# Any ideas for homemade resting pad



## nancy237 (May 29, 2008)

I don't know if resting pad is the official name but I am trying to figure out a 
cheap idea to place pads in the cage for the rabbits to get off the wire
some.

I will be going to the Home Depot in the morning to see what I can 
find. last time I went I made hay racks from .99 cent gutter guards.


----------



## RiverPines (Dec 12, 2006)

I use cardboard from cut up boxes. Instead of having to clean them, I just toss and replace!!!!


----------



## bbkaren (Oct 28, 2008)

We use the 1/2" wire mesh; do they need something to rest on from that too? or is it just the larger-size mesh? Mine don't seem to have any trouble; I don't think their toes even poke through the mesh...


----------



## Jesse L (Nov 6, 2008)

I have these plastic tile thingers. They are floor tiles, but not the ceramic. They are more like a thick plastic. I use them in the winter as they do not get as cold, and in the summer I have ceramic tiles in the freezer to keep them cool.

Very easy to clean, whipe them off with somthing once a day and its good. Most rabbits use them well, some not so much(eg, some messy bucks ).

I found them at my local farmers market - a friend pointed them out (ladysown). 
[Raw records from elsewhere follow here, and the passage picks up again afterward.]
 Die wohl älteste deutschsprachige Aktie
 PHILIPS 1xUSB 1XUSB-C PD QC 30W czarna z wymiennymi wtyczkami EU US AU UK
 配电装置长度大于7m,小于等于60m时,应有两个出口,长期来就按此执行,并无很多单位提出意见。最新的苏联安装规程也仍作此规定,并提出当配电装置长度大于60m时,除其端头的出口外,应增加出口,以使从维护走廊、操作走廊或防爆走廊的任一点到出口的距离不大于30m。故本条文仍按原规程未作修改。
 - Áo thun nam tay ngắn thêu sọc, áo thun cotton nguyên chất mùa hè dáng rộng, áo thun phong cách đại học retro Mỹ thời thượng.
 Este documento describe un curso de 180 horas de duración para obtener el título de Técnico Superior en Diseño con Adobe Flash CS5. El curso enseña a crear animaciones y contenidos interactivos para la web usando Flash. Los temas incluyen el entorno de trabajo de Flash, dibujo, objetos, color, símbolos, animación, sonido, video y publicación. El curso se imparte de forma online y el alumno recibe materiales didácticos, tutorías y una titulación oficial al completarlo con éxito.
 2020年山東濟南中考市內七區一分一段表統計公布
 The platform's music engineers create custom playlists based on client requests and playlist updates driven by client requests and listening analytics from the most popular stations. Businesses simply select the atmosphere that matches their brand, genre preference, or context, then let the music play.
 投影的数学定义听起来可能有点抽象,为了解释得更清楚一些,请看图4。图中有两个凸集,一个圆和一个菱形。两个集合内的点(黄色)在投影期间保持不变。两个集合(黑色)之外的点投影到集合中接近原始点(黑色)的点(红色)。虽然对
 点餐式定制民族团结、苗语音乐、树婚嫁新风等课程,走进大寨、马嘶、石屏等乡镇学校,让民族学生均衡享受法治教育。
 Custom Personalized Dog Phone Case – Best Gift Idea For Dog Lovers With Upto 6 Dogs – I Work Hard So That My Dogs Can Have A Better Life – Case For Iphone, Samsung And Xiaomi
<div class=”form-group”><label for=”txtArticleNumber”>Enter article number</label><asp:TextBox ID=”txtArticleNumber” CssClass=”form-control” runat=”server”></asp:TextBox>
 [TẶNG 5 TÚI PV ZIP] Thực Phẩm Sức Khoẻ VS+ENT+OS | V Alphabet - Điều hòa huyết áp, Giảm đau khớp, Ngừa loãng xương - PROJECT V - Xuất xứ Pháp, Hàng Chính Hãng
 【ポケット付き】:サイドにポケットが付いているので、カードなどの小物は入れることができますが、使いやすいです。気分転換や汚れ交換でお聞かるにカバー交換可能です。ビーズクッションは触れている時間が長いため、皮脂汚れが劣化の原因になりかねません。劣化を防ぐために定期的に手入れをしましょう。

Anything cheap would work. Im sure you will find sometime at Home Depot.


----------



## RiverPines (Dec 12, 2006)

Just be sure what ever you use is safe if the bun chews it and some will try to chew almost anything!


----------



## denaliguide (Aug 30, 2008)

I try to keep an appropriate untreated board in there for them to perch on, to get off the wire. So far the REXX's have the most feet issues, and the NZ's the least, but they all like their boards. I just burn the badly used ones in the woodstove.

DG



RiverPines said:


> Just be sure what ever you use is safe if the bun chews it and some will try to chew almost anything!


----------



## Jcran (Jan 4, 2006)

I've heard (but haven't tried yet) that dry wall remnants or chunks are great. It is non-toxic gypsum and cheap/free from contractors. Can be tossed into compost or garden and rabbits can chew on it safely. Does anyone out there use it?


----------



## nancy237 (May 29, 2008)

Thanks for all the ideas.
This forum is amazing !!!!

I hadn't thought of tiles.

I'll let you know what I decide on.


----------



## SaratogaNZW (Feb 10, 2009)

Jcran said:


> I've heard (but haven't tried yet) that dry wall remnants or chunks are great. It is non-toxic gypsum and cheap/free from contractors. Can be tossed into compost or garden and rabbits can chew on it safely. Does anyone out there use it?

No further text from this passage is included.